Jednakże robił to na tyle nieporadnie, że nie widziałem w nim zagrożenia. Moja dziewczyna było tak nieraz pokazywała mi wiadomości od niego i on do niej pisał:


Ona mu odpisywała, żeby nie przesadzał z takimi tekstami, bo jest ze mną w związku i może liczyć max na przyjaźń. On potem na drugi dzień pisał jej, że był pijany i pisał bzdury, przeprasza. Ona sama mi pokazywała te wiadomości i śmiała się z niego przy mnie pokazując wiadomości.. Przeszkadzało mi to mimo wszystko, że ten koleś cały czas za nią łazi i czai się na okazje, ale nie okazywałem tego, aby nie wyjść na zazdrośnika. W pewnym momencie ograniczyli kontakt, ponieważ związał się z jedną z jej koleżanek. Myślałem, że już wszystko będzie w porządku. No ale jednak nie.

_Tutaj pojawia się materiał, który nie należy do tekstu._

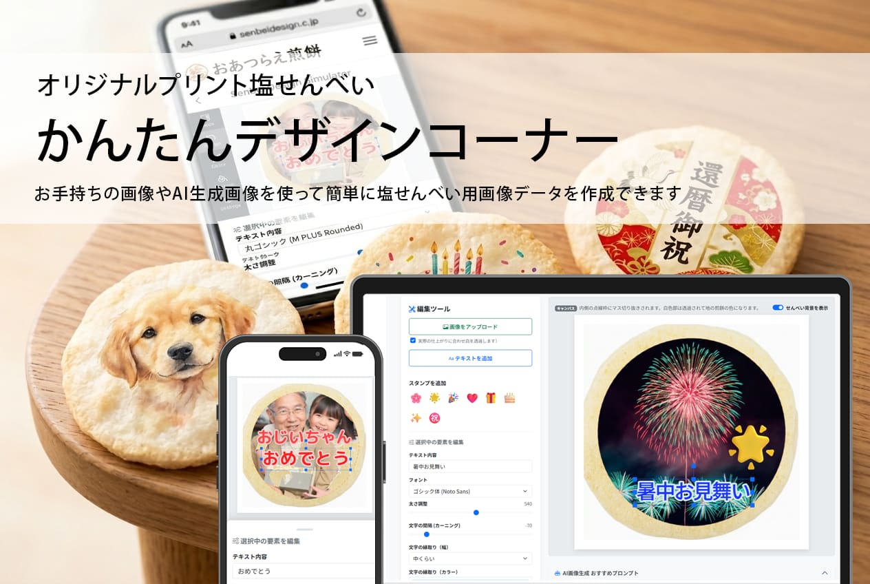 キャンバス 内側の点線枠にマス切り抜きされます。白色部は透過されて地の煎餅の色になります。

Byliśmy ostatnio na wspólnej imprezie u jej znajomych, gdzie było mnóstwo alkoholu, tańce, no wiecie jak to studenckie imprezy. Wszyscy byliśmy naprawdę mocno pijani. W pewnym momencie moja dziewczyna gdzieś zniknęła. Zacząłem jej szukać, ktoś powiedział, że jest na zewnątrz. Wyszedłem na zewnątrz i zastałem ją, tego gościa i kilka innych osób z imprezy. Koleś ewidentnie się do niej przystawiał, próbował bajerować, podczas gdy jego dziewczyna tańczyła na dole.

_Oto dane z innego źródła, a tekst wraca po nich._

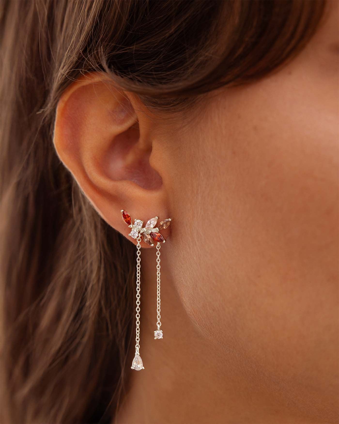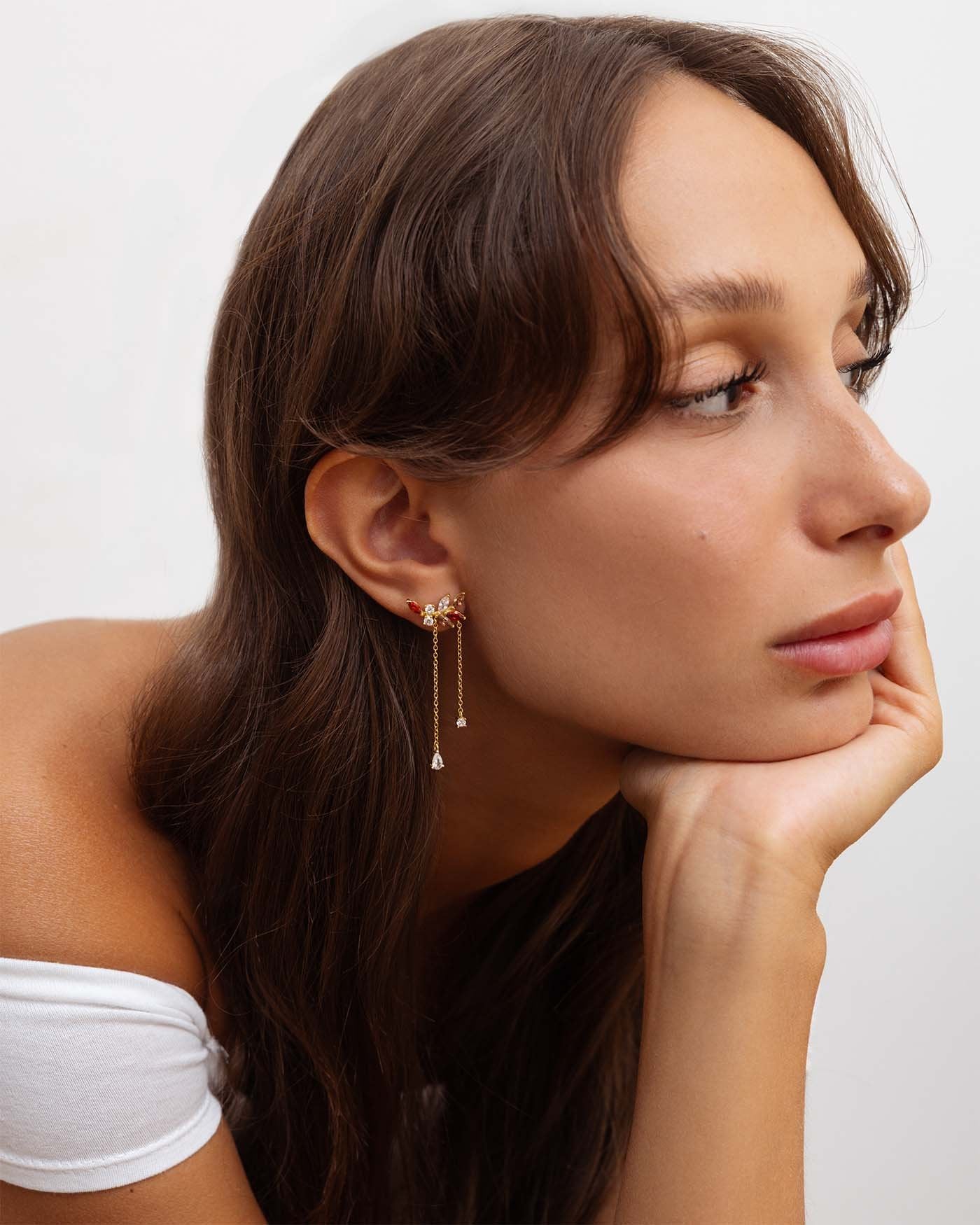 L’Orecchino Foliage presenta un design estremamente caratteristico. La parte superiore riprende la forma di un ramo, arricchito da pietre dal taglio marquise che, con le loro sfumature, evocano piccole foglie che cambiano colore con la stagione.

Myślę sobie no jaja jakieś, podchodzę do dziewczyny i mówię jej - przyszliśmy na imprezę to chodź ze mną na dół. Dostała #!$%@?, że nie raczyła mnie poinformować i ma mi nie wykręcać takich numerów. Tamten koleś jak tylko to usłyszał odepchnął mnie, powiedział żebym [cenzura] spadał bo zaraz mnie #!$%@?. Ja stoję jak wryty i nie dowierzam - koleś co przychodził do mnie do chaty i siedział cicho, nigdy prawie nic do mnie nie mówił nagle cwaniakuje. Zaczyna mnie obrażać, wyzywać i rzuca teksty w stylu
"spadaj gościu jak dorośli rozmawiają" bo chciałem pogadać ze swoją dziewczyną. Gotowałem się w środku, ale nie dałem sprowokować i poszedłem na dół - liczyłem na to, że moja dziewczyna zrobi tak samo.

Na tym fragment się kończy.